Instructions to follow:
Would you retype every line below without changing anything?

Data under study:
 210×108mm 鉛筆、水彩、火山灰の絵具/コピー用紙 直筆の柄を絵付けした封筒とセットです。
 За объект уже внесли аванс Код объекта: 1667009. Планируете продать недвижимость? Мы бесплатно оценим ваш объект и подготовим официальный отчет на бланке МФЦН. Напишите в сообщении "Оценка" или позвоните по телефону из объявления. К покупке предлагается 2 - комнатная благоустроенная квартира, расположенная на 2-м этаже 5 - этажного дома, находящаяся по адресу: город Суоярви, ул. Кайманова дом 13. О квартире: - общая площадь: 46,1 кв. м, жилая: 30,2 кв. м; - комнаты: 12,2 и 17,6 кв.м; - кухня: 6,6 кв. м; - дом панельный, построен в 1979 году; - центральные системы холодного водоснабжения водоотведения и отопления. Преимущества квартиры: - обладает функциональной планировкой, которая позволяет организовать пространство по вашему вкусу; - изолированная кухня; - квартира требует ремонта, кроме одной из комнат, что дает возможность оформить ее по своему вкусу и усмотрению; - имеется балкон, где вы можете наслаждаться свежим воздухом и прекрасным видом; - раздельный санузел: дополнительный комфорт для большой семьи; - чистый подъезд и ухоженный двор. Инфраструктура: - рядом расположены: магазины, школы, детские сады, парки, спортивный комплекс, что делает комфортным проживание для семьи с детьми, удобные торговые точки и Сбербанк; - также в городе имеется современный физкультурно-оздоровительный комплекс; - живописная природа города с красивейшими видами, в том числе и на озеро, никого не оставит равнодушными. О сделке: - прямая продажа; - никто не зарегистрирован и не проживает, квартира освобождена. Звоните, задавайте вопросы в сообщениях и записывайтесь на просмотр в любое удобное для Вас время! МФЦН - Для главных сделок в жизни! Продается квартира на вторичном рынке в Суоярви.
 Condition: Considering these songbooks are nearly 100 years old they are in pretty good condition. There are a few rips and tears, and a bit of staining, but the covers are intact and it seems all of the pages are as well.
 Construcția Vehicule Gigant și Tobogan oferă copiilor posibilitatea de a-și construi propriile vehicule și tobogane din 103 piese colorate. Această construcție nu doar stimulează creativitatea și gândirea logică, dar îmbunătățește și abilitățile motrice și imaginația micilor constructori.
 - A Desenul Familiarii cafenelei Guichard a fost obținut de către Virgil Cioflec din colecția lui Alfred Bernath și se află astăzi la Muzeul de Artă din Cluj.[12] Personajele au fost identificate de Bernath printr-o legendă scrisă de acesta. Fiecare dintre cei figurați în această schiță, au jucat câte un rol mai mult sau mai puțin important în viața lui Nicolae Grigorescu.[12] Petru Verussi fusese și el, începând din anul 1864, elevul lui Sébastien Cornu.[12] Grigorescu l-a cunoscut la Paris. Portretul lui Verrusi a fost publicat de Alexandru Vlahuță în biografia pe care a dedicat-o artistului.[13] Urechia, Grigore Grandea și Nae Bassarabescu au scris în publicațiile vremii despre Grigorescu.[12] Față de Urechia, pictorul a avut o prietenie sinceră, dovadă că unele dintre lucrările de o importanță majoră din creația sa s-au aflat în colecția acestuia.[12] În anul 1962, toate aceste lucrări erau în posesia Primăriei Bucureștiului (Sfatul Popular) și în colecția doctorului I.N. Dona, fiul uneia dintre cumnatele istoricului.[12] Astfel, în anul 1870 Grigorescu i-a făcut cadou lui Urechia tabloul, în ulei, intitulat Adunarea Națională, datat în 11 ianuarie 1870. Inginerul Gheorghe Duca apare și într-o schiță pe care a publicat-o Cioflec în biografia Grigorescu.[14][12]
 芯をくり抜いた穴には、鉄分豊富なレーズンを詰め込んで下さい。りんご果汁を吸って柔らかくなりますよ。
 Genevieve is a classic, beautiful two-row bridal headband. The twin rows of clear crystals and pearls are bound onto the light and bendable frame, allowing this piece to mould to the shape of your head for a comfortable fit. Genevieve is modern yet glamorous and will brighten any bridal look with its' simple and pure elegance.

Answer to this task:
 210×108mm 鉛筆、水彩、火山灰の絵具/コピー用紙 直筆の柄を絵付けした封筒とセットです。
 За объект уже внесли аванс Код объекта: 1667009. Планируете продать недвижимость? Мы бесплатно оценим ваш объект и подготовим официальный отчет на бланке МФЦН. Напишите в сообщении "Оценка" или позвоните по телефону из объявления. К покупке предлагается 2 - комнатная благоустроенная квартира, расположенная на 2-м этаже 5 - этажного дома, находящаяся по адресу: город Суоярви, ул. Кайманова дом 13. О квартире: - общая площадь: 46,1 кв. м, жилая: 30,2 кв. м; - комнаты: 12,2 и 17,6 кв.м; - кухня: 6,6 кв. м; - дом панельный, построен в 1979 году; - центральные системы холодного водоснабжения водоотведения и отопления. Преимущества квартиры: - обладает функциональной планировкой, которая позволяет организовать пространство по вашему вкусу; - изолированная кухня; - квартира требует ремонта, кроме одной из комнат, что дает возможность оформить ее по своему вкусу и усмотрению; - имеется балкон, где вы можете наслаждаться свежим воздухом и прекрасным видом; - раздельный санузел: дополнительный комфорт для большой семьи; - чистый подъезд и ухоженный двор. Инфраструктура: - рядом расположены: магазины, школы, детские сады, парки, спортивный комплекс, что делает комфортным проживание для семьи с детьми, удобные торговые точки и Сбербанк; - также в городе имеется современный физкультурно-оздоровительный комплекс; - живописная природа города с красивейшими видами, в том числе и на озеро, никого не оставит равнодушными. О сделке: - прямая продажа; - никто не зарегистрирован и не проживает, квартира освобождена. Звоните, задавайте вопросы в сообщениях и записывайтесь на просмотр в любое удобное для Вас время! МФЦН - Для главных сделок в жизни! Продается квартира на вторичном рынке в Суоярви.
 Condition: Considering these songbooks are nearly 100 years old they are in pretty good condition. There are a few rips and tears, and a bit of staining, but the covers are intact and it seems all of the pages are as well.
 Construcția Vehicule Gigant și Tobogan oferă copiilor posibilitatea de a-și construi propriile vehicule și tobogane din 103 piese colorate. Această construcție nu doar stimulează creativitatea și gândirea logică, dar îmbunătățește și abilitățile motrice și imaginația micilor constructori.
 - A Desenul Familiarii cafenelei Guichard a fost obținut de către Virgil Cioflec din colecția lui Alfred Bernath și se află astăzi la Muzeul de Artă din Cluj.[12] Personajele au fost identificate de Bernath printr-o legendă scrisă de acesta. Fiecare dintre cei figurați în această schiță, au jucat câte un rol mai mult sau mai puțin important în viața lui Nicolae Grigorescu.[12] Petru Verussi fusese și el, începând din anul 1864, elevul lui Sébastien Cornu.[12] Grigorescu l-a cunoscut la Paris. Portretul lui Verrusi a fost publicat de Alexandru Vlahuță în biografia pe care a dedicat-o artistului.[13] Urechia, Grigore Grandea și Nae Bassarabescu au scris în publicațiile vremii despre Grigorescu.[12] Față de Urechia, pictorul a avut o prietenie sinceră, dovadă că unele dintre lucrările de o importanță majoră din creația sa s-au aflat în colecția acestuia.[12] În anul 1962, toate aceste lucrări erau în posesia Primăriei Bucureștiului (Sfatul Popular) și în colecția doctorului I.N. Dona, fiul uneia dintre cumnatele istoricului.[12] Astfel, în anul 1870 Grigorescu i-a făcut cadou lui Urechia tabloul, în ulei, intitulat Adunarea Națională, datat în 11 ianuarie 1870. Inginerul Gheorghe Duca apare și într-o schiță pe care a publicat-o Cioflec în biografia Grigorescu.[14][12]
 芯をくり抜いた穴には、鉄分豊富なレーズンを詰め込んで下さい。りんご果汁を吸って柔らかくなりますよ。
 Genevieve is a classic, beautiful two-row bridal headband. The twin rows of clear crystals and pearls are bound onto the light and bendable frame, allowing this piece to mould to the shape of your head for a comfortable fit. Genevieve is modern yet glamorous and will brighten any bridal look with its' simple and pure elegance.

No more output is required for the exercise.